The rows in the NaMatrix corresponding to the same genomic positions we have seen above, but the columns correspond to the 35 individual reads. The numeric values correspond to modification probabilities. A value greater than 0.5 or 0.7 is typically considered modified. Many values are NA (missing), either because a read did not overlap a given position, or there was no information about modifications at that position in that read. Storing all these NA values would be a waste of memory, which is avoided in the NaMatrix, which is a special type of sparse matrix from the SparseArray package that only stores non-NA values.

2.3 Flattening read-level to summary-level data

We can use flattenReadLevelAssay to go from this read-level to summary-level data:

Show/hide code

se_summary <- flattenReadLevelAssay(se)

Here is an illustration of the summary-level data container:

SummarizedExperiment with summary-level data in assays. — Figure 2.2

Its dimensions are identical to the original se (positions by samples), however it contains additional assays that do not have the nested structure with individual reads, but are simple matrices:

Show/hide code

dim(se_summary)

[1] 201   2

Show/hide code

assayNames(se_summary)

[1] "mod_prob" "Nmod"     "Nvalid"   "FracMod"

Show/hide code

head(assay(se_summary, "Nmod"))

                wt1 wt2
chr8:39286000:-   0   0
chr8:39286001:-   0   1
chr8:39286002:+   0   1
chr8:39286003:-   1   3
chr8:39286004:+   0   0
chr8:39286005:-   0   2

By default, flattenReadLevelAssay keeps the read-level assay ("mod_prob") and generates summarized assays with the numbers of modified and total bases ("Nmod" and "Nvalid"), and the fraction of modified bases per position and sample (“FracMod”`).

2.4 Directly reading summary-level data

If the individual reads are not required, you can directly summarize them while reading, which is faster and eliminates the call to flattenReadLevelAssay. This is achieved by adding the argument level = "summary" to the readModBam call:

Show/hide code

se_summary_direct <- readModBam(
    bamfiles = c(wt1 = "data/mESC_wt_6mA_rep1.bam",
                 wt2 = "data/mESC_wt_6mA_rep2.bam"),
    modbase = "a", 
    regions = "chr8:39286000-39286200", 
    seqinfo = seqinfo(gnm), 
    sequenceContextWidth = 1, 
    sequenceReference = gnm,
    trim = TRUE,
    level = "summary"
)
se_summary_direct

class: RangedSummarizedExperiment 
dim: 201 2 
metadata(1): readLevelData
assays(3): Nmod Nvalid FracMod
rownames(201): chr8:39286000:- chr8:39286001:- ... chr8:39286198:+
  chr8:39286199:+
rowData names(1): sequenceContext
colnames(2): wt1 wt2
colData names(2): sample modbase

Show/hide code

identical(assay(se_summary, "FracMod"),
          assay(se_summary_direct, "FracMod"))

[1] TRUE

2.5 Read sampling

In some cases, we may want to read a random set of reads from a modBam file, for example to calculate average modification rates or quality statistics. In such cases, reading data by genomic position is not optimal.

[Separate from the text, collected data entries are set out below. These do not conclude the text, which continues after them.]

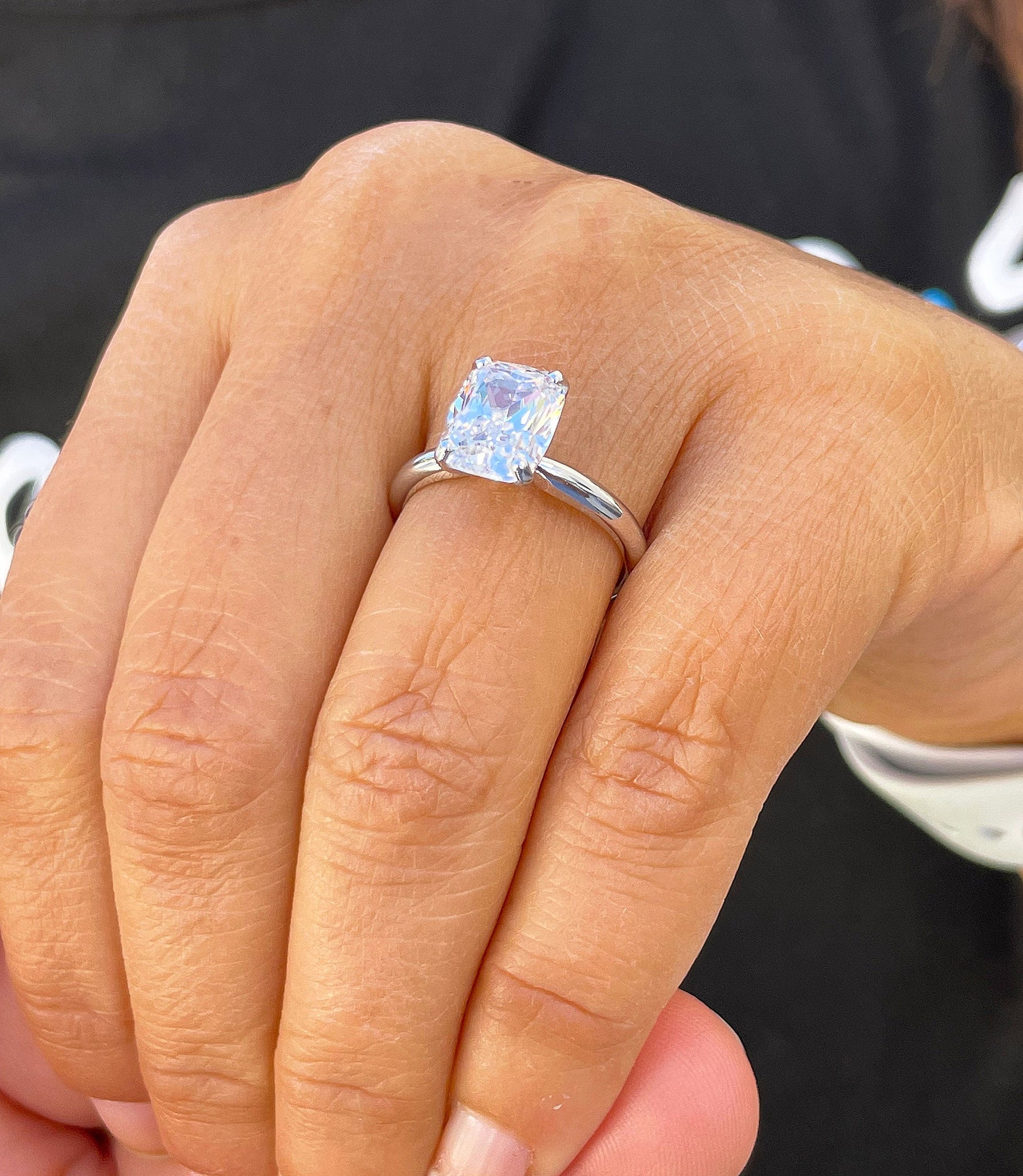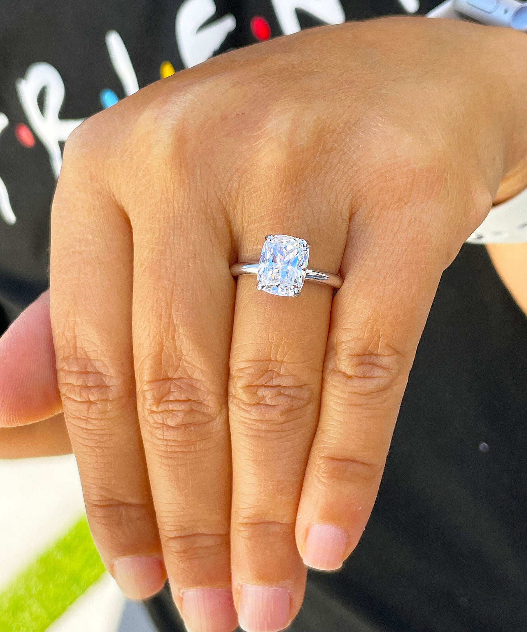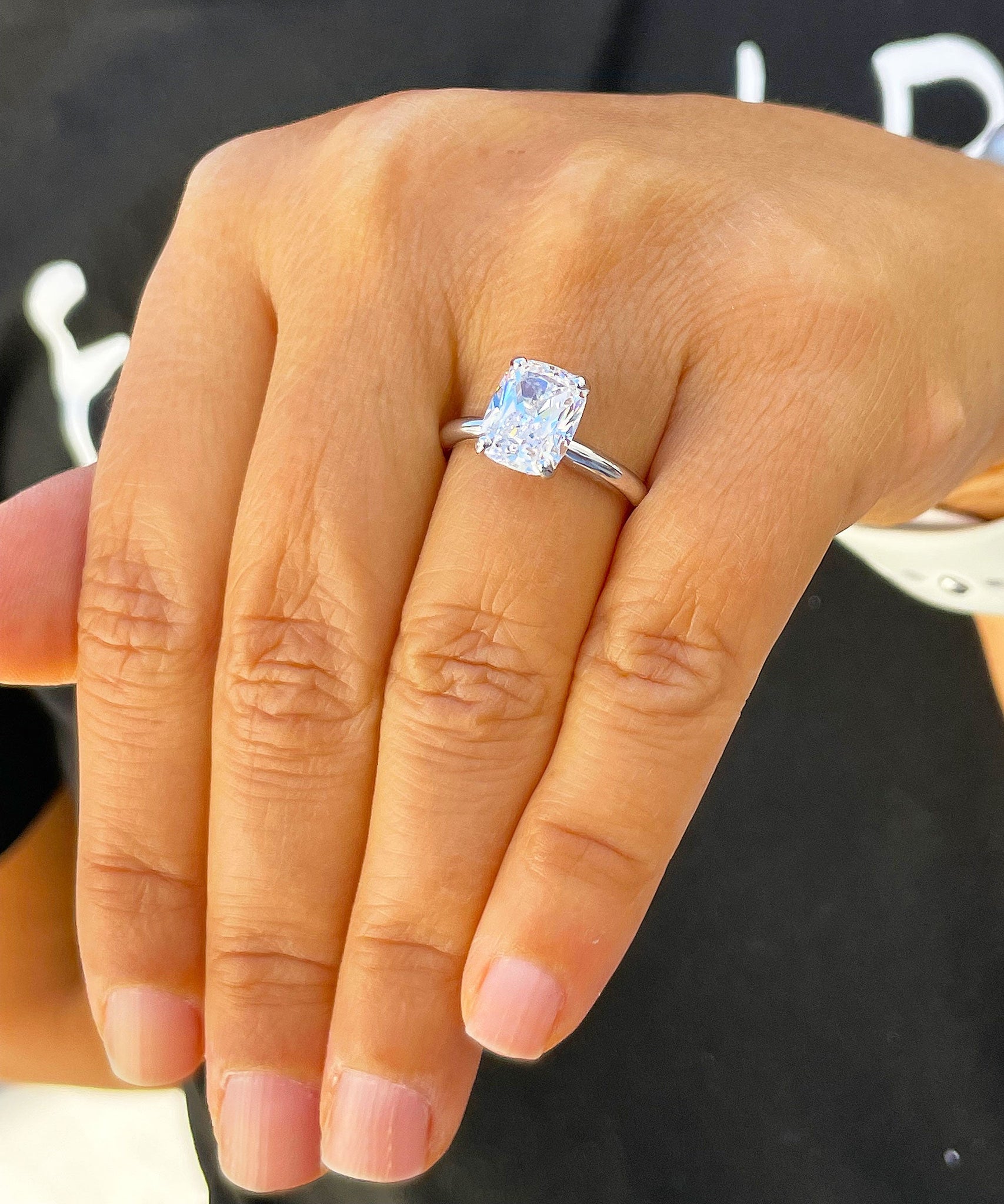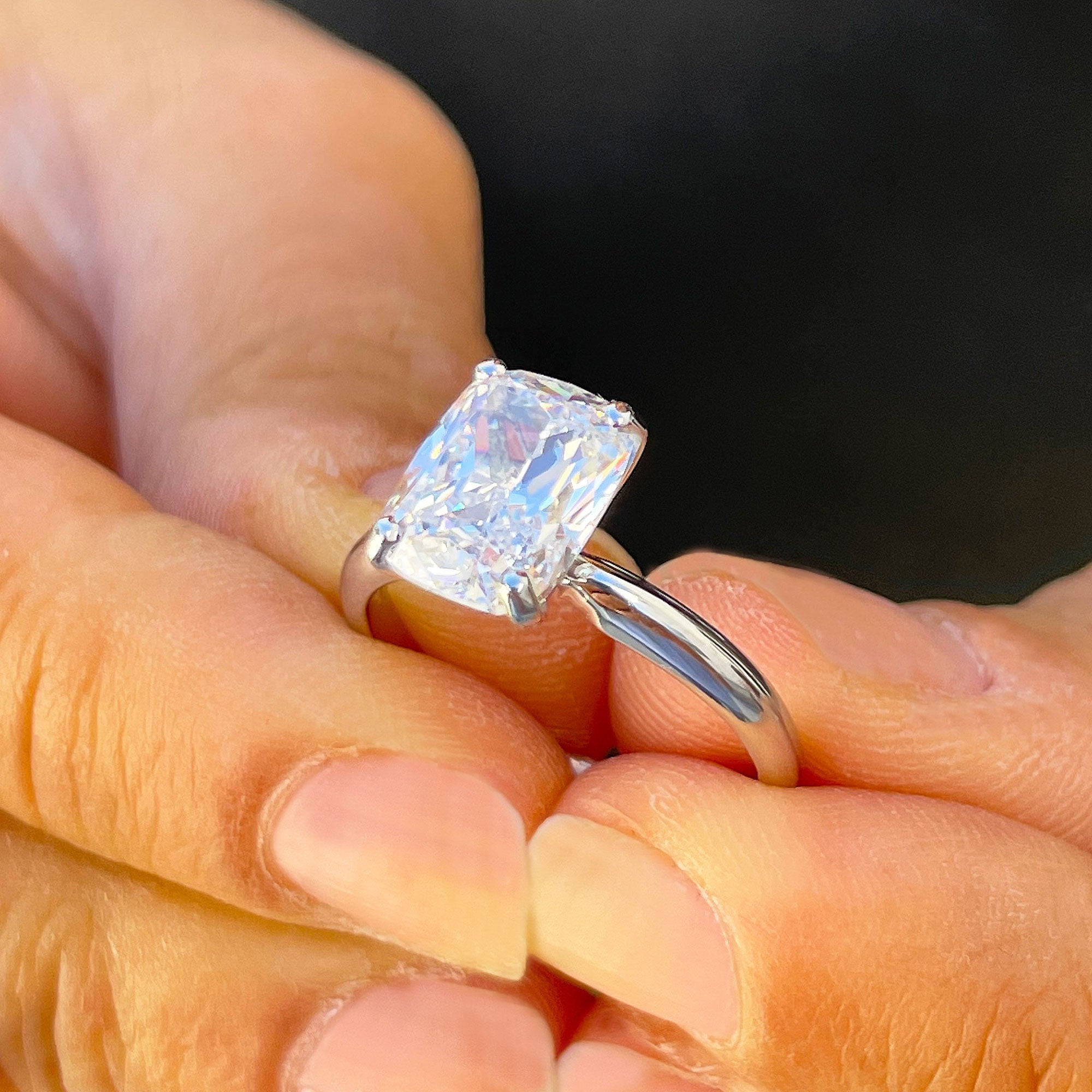 14K SOLID WHITE GOLD, 3.50CTW CUSHION CUT FOREVER ONE MOISSANITE, ART-DECO PRONG SET SOLITAIRE STYLE ENGAGEMENT RING
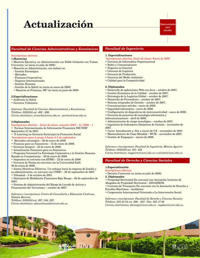 Correo:educontinuada@icesi.edu.co Correo: jrconcha@icesi.edu.co Correo: maguirre@icesi.edu.co Correo: darango@telesat.com.co Universidad Icesi
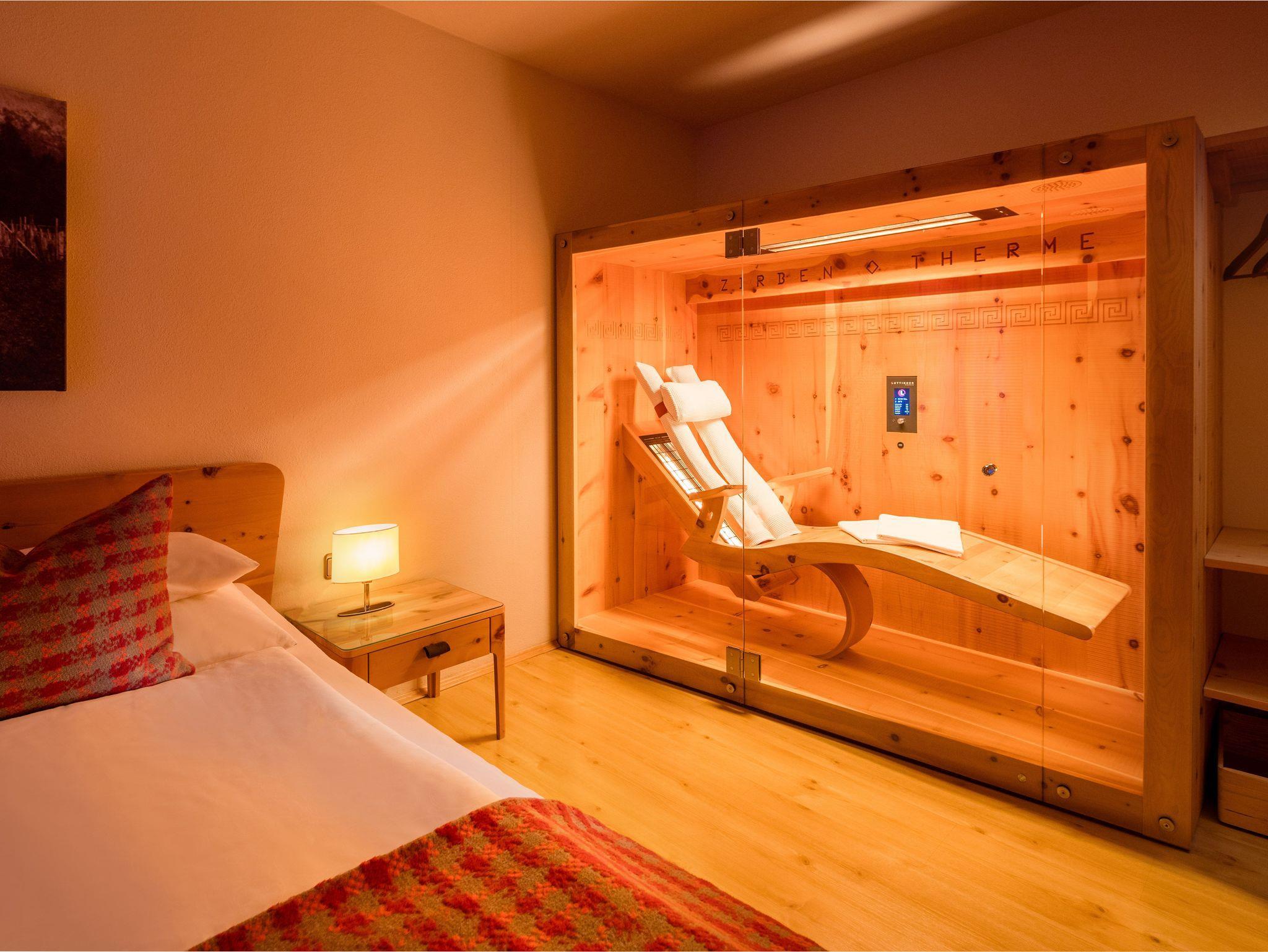 Erleben Sie Tiefenwärme und Zirbenduft in Ihrem persönlichen Spa. Infrarotwärme wirkt regenerierend, stärkt das Immunsystem und fördert innere Ruhe. Auf der ergonomischen Infrarotliege fühlen Sie sich schwerelos und entspannt. Die Regendusche belebt Körper und Geist.
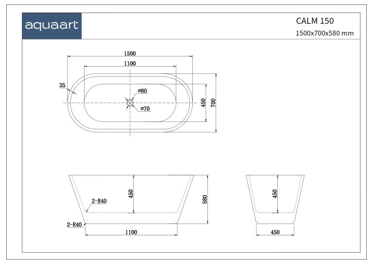 CALM 150 SAMOSTOJEĆA KUPAONSKA KADA 1500X700X580 MM
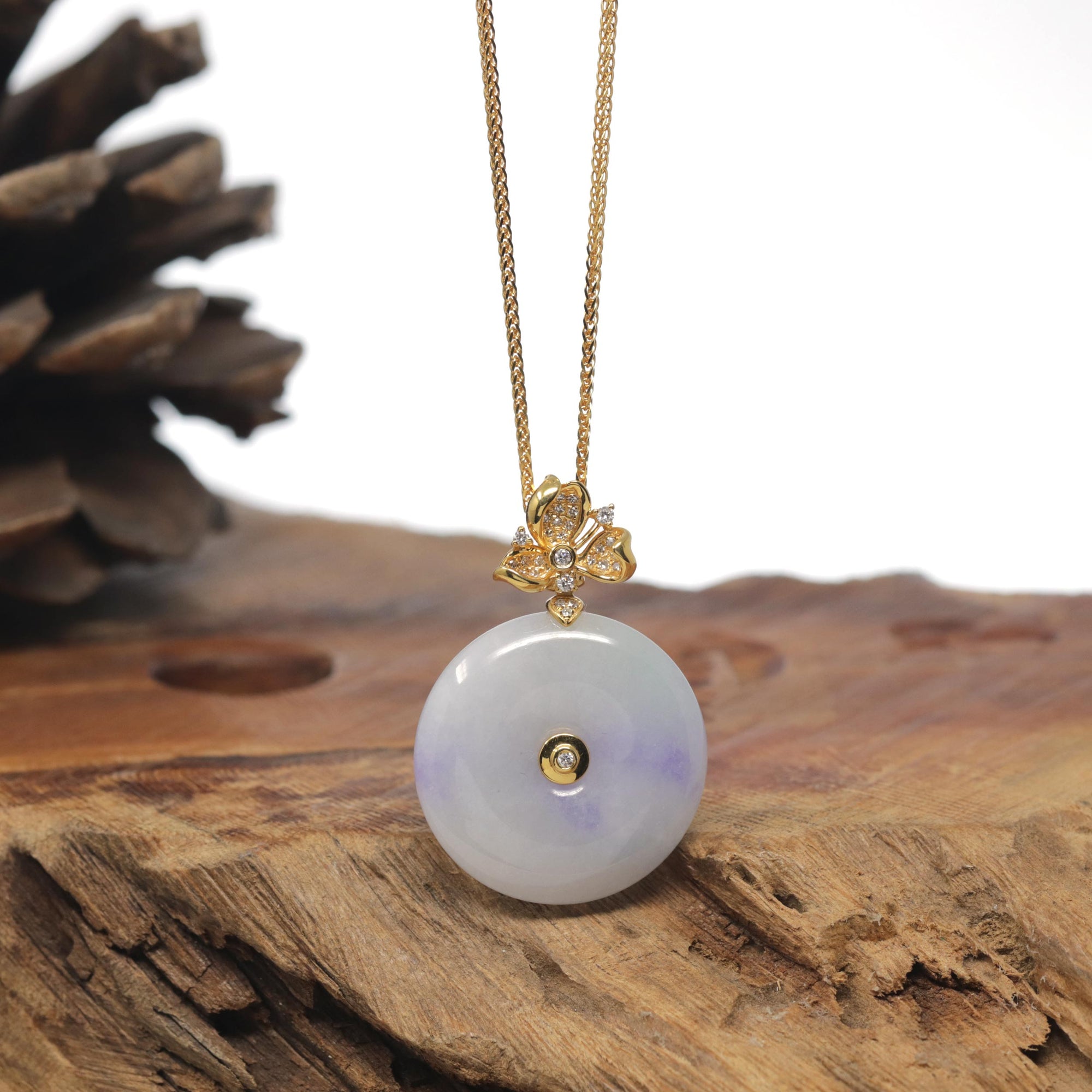 "Good Luck Button" Lavender Jadeite Jade Lucky KouKou Pendant With 14K Yellow Gold Diamond Bail
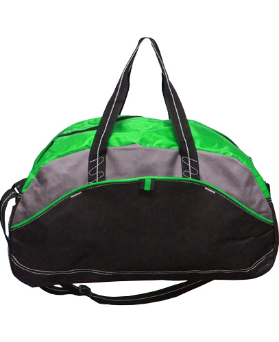 Gym Duffel Bag. Made of 600D Polyester and Dobby Nylon material, measuring 21” W x 12” H x 9” D in size.
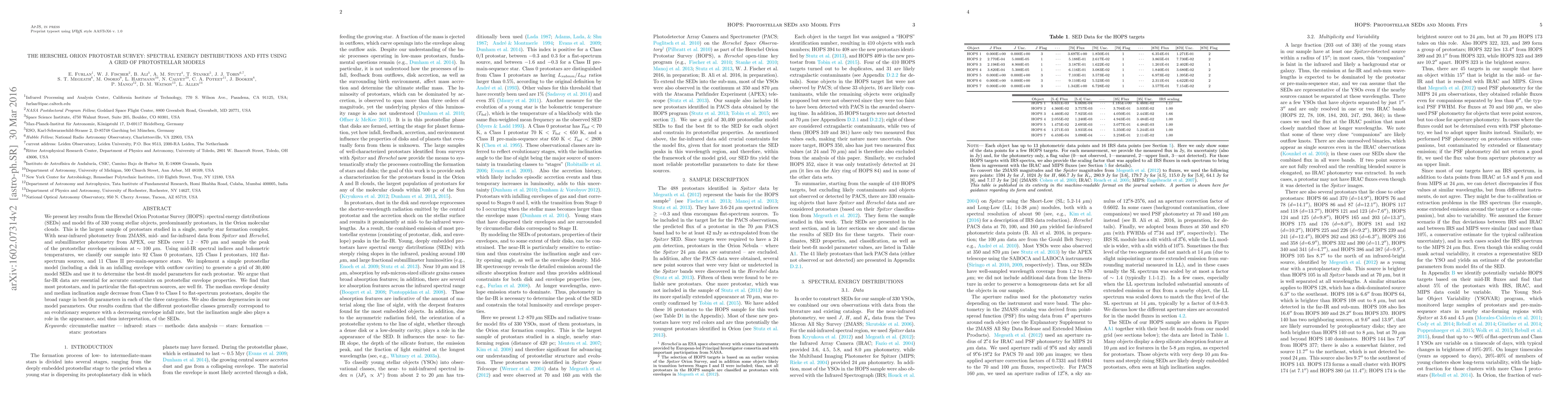 The Herschel Orion Protostar Survey (HOPS) provides spectral energy distributions (SEDs) and model fits for 330 young stellar objects in Orion, revealing an evolutionary sequence from Class 0 to Class I protostars and flat-spectrum sources, with far-IR data crucial for accurate envelope properties. The study finds decreasing envelope density and inclination angles across protostellar classes, highlighting the role of inclination in SED interpretation.
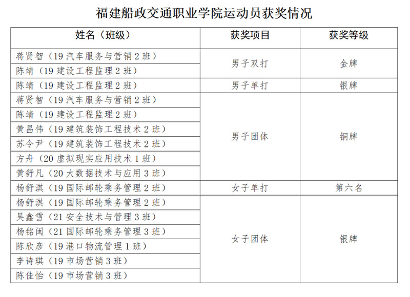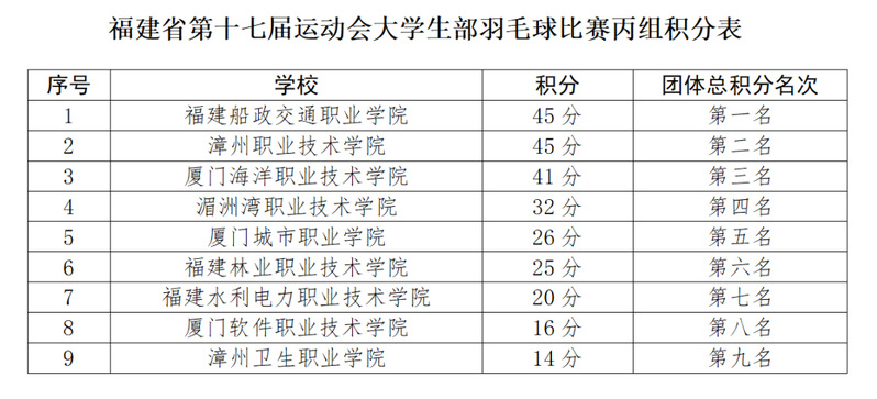 2022年7月27日-8月3日,福建省第十七屆運動會(大學(xué)生部)羽毛球比賽在華僑大學(xué)泉州校區(qū)開賽,來自全省43所高校的353名運動員參賽。本次比賽包括男子單打、男子雙打、女子單打、女子雙打、男子團體、女子團體6個項目,我院羽毛球代表隊榮獲比賽丙組團體總積分第一名的優(yōu)異成績,并獲得“體育道德風(fēng)尚獎運動隊”榮譽稱號,運動員蔣賢智、楊舒淇獲個人“體育道德風(fēng)尚獎”,王姍姍老師獲“優(yōu)秀教練員”榮譽稱號。
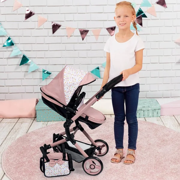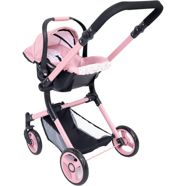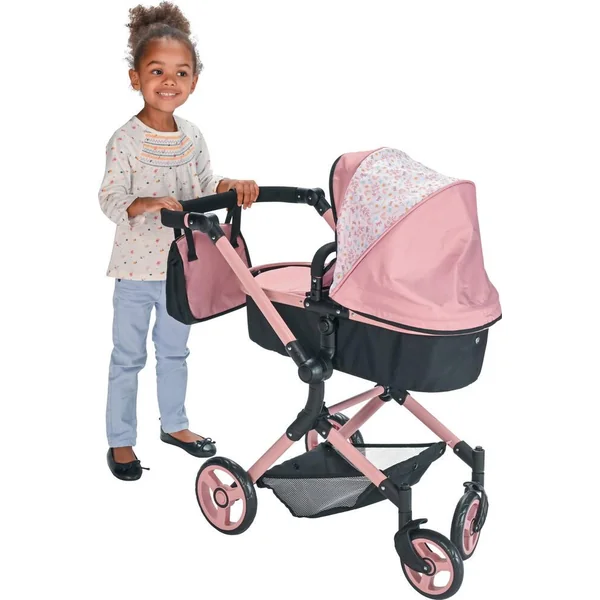 Châssis résistant. Pour poupée jusqu’à 52 cm (non fournie). Grâce à sa poignée ajustable en hauteur de 68 jusqu’à 86 cm, il est facilement adaptable à la taille de l’enfant. La nacelle ou porte-bébé se détache facilement et permet ainsi à l’enfant d’avoir sa poupée face à lui ou face à la route.
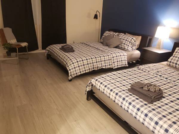The space offers a hotel-style atmosphere with flexible sleeping arrangements, available as a single Queen bed, two Queen beds, or three Queen beds configuration.
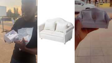 The good was processed for close to a month and when it arrived, it turned out to be a tiny model of the sofa which was delivered to him on a motorbike.
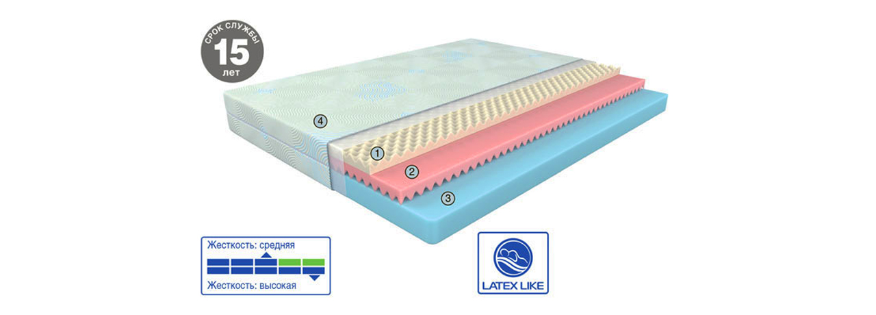 High-density foam at the base of the mattress ensures the correct position of the spine in any sleeping position.

readModBam provides a special reading mode for this, controlled by the arguments nAlnsToSample and seqnamesToSampleFrom:

Show/hide code

se_sampled <- readModBam(
    bamfiles = c(wt1 = "data/mESC_wt_6mA_rep1.bam",
                 wt2 = "data/mESC_wt_6mA_rep2.bam"),
    modbase = "a", 
    seqinfo = seqinfo(gnm), 
    sequenceContextWidth = 1, 
    sequenceReference = gnm,
    nAlnsToSample = 20,
    seqnamesToSampleFrom = "chr19"
)
se_sampled

class: RangedSummarizedExperiment 
dim: 61348 2 
metadata(3): readLevelData variantPositions filteredOutReads
assays(1): mod_prob
rownames(61348): chr19:6119863:- chr19:6119864:- ... chr19:60772501:+
  chr19:60772504:+
rowData names(1): sequenceContext
colnames(2): wt1 wt2
colData names(4): sample modbase n_reads readInfo

Show/hide code

se_sampled$n_reads

[1] 19 18

For details of how to make the sampling reproducible even when using multiple parallel threads, and why you might get a lower number of sampled reads than requested, please look at the documenation of readModBam.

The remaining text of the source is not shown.